In the moments after 17 of their classmates and teachers were killed at Marjory Stoneman Douglas High School, David Hogg, Emma Gonzalez, Delaney Tarr, Ryan Deitsch and Jaclyn Corin and more than a dozen others sprang to action, doing countless media interviews, grilling lawmakers about gun reform during town halls, and sparking massive walkouts and peaceful protests at schools across the country.

Matt Deitsch, a Parkland alumnus whose two younger siblings were students at the time of the shooting, immediately left college to help form March For Our Lives.

Hogg, Gonzalez, Corin and the Deitsch brothers were in South Africa to accept the award.

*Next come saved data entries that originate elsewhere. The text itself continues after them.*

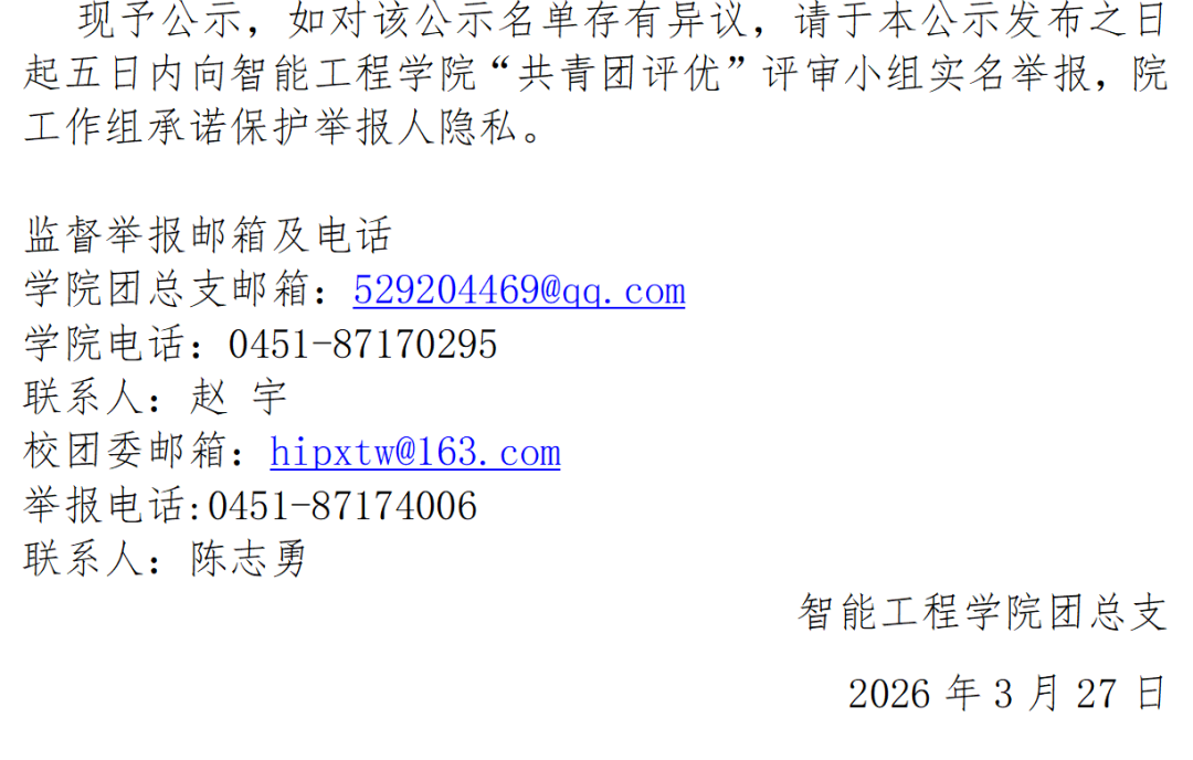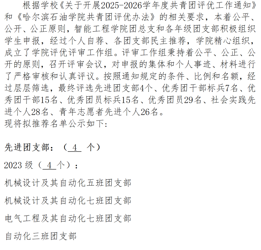 智能工程学院2025—2026学年共青团先进集体及优秀个人评选结果公示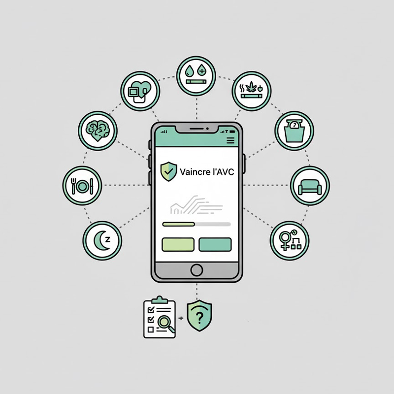 L’idée est née de la recherche d’un moyen d’intéresser le grand public à son risque d’AVC et de découvrir les moyens pour diminuer ce risque de 80%. L’idée d’un questionnaire simple sur les facteurs de risque d’AVC s’est imposé à moi. Ensuite, il m’est apparu évident que donner un risque chiffré à une personne ne pouvait que l’effrayer et augmenter son niveau de stress. D’où l’idée d’envoyer un compte rendu, personnalisé, en fonction des réponses de la personne au questionnaire, pour indiquer, facteur de risque par facteur de risque, comment diminuer son risque de 80%.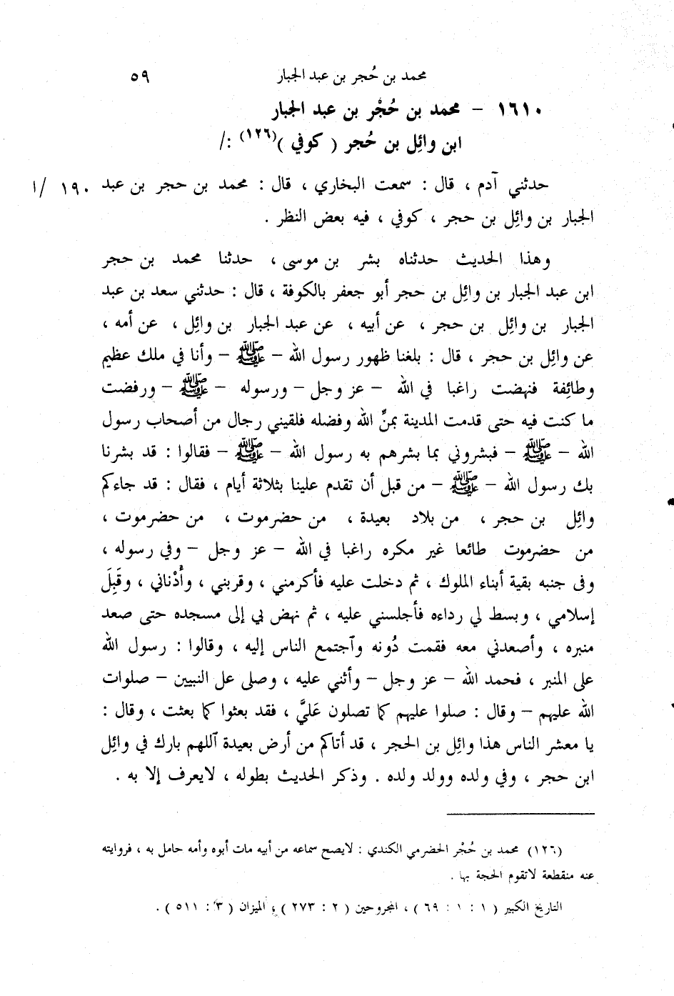 §1610 - مُحَمَّدُ بْنُ حُجْرِ بْنِ عَبْدِ الْجَبَّارِ بْنِ وَائِلِ بْنِ حُجْرٍ كُوفِيٌّ حَدَّثَنِي آدَمُ قَالَ: سَمِعْتُ الْبُخَارِيَّ قَالَ: مُحَمَّدُ بْنُ حُجْرِ بْنِ عَبْدِ الْجَبَّارِ بْنِ وَائِلِ بْنِ حُجْرٍ كُوفِيٌّ فِيهِ بَعْضُ النَّظَرِ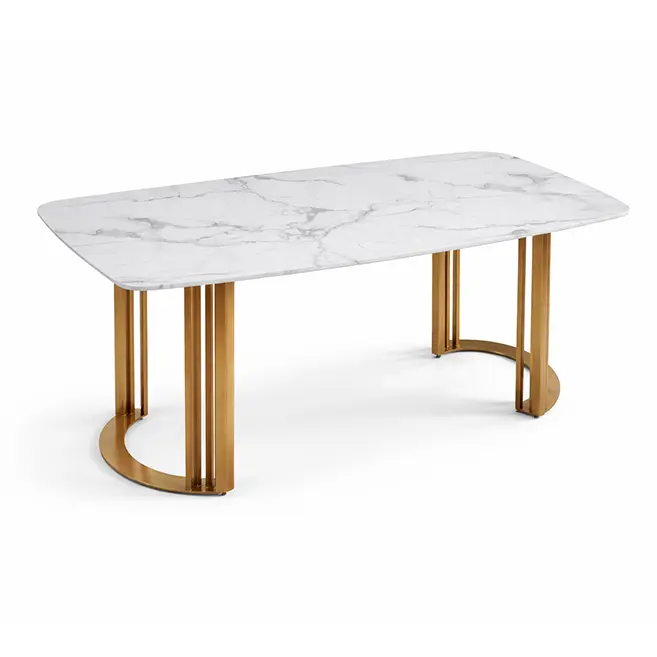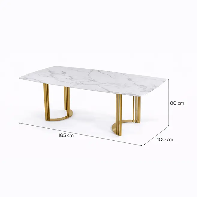 The sturdy iron base ensures excellent balance and load support, while the faux marble surface resists daily wear. Suitable for luxury homes, boutique restaurants, and upscale cafés, the Luxury Opulent Arc White Marble Dining Table, 6 Seater combines visual elegance with dependable performance.

Gonzalez said the award “serves as a major reminder that the universe is on the side of justice and that we will win because our cause is one of peace.”

Manuel Oliver, whose son Joaquin was killed, also spoke during the ceremony. The group was joined by two students from Chicago Strong, a youth-led initiative to end gun violence in their hometown, who have worked closely with their cause.

Cameron Kasky
Cameron Kasky, center, speaks at a news conference on June 4, 2018, in Parkland, Florida, where a group of school shooting survivors announced a multi-state bus tour to “get young people educated, registered and motivated to vote.” Wilfredo Lee / AP

Since the Valentine’s Day massacre, the students have gained international attention, raised millions of dollars from the likes of Oprah Winfrey and George Clooney for their grassroots movement and made a slew of television appearances.

Hundreds of thousands attended their Washington, D.C., march this spring to raise awareness about gun violence and advocate for safer schools. Many of the students have called for a ban on assault rifles and universal background checks. The organization says more than 25 states have passed legislation consistent with their cause, including Florida.

Over the summer, the students hit the road, visiting 80 communities in 24 states to help register young voters and spread their message about gun violence. Their tireless efforts even landed them on the cover of Time magazine.

Marc Dullaert, founder of KidsRights and the International Children’s Peace Prize, said the students “transformed a local community protest into a truly global youth-led and peaceful protest-movement.”

In Parkland on Tuesday, a charity group pledged $1 million to create artworks to help the community heal.

Bloomberg Philanthropies said it’s making the grant to Parkland and Coral Springs for their project, “Inspiring Community Healing After Gun Violence: The Power of Art.” Five artists and teams will create temporary projects for public display. Community workshops and talks will discuss using art for emotional healing.

Most of the 17 victims were from the cities.

The charity was founded by former New York City Mayor Michael Bloomberg, who started the news agency bearing his surname. He has been an outspoken supporter of groups with the goal of decreasing gun violence.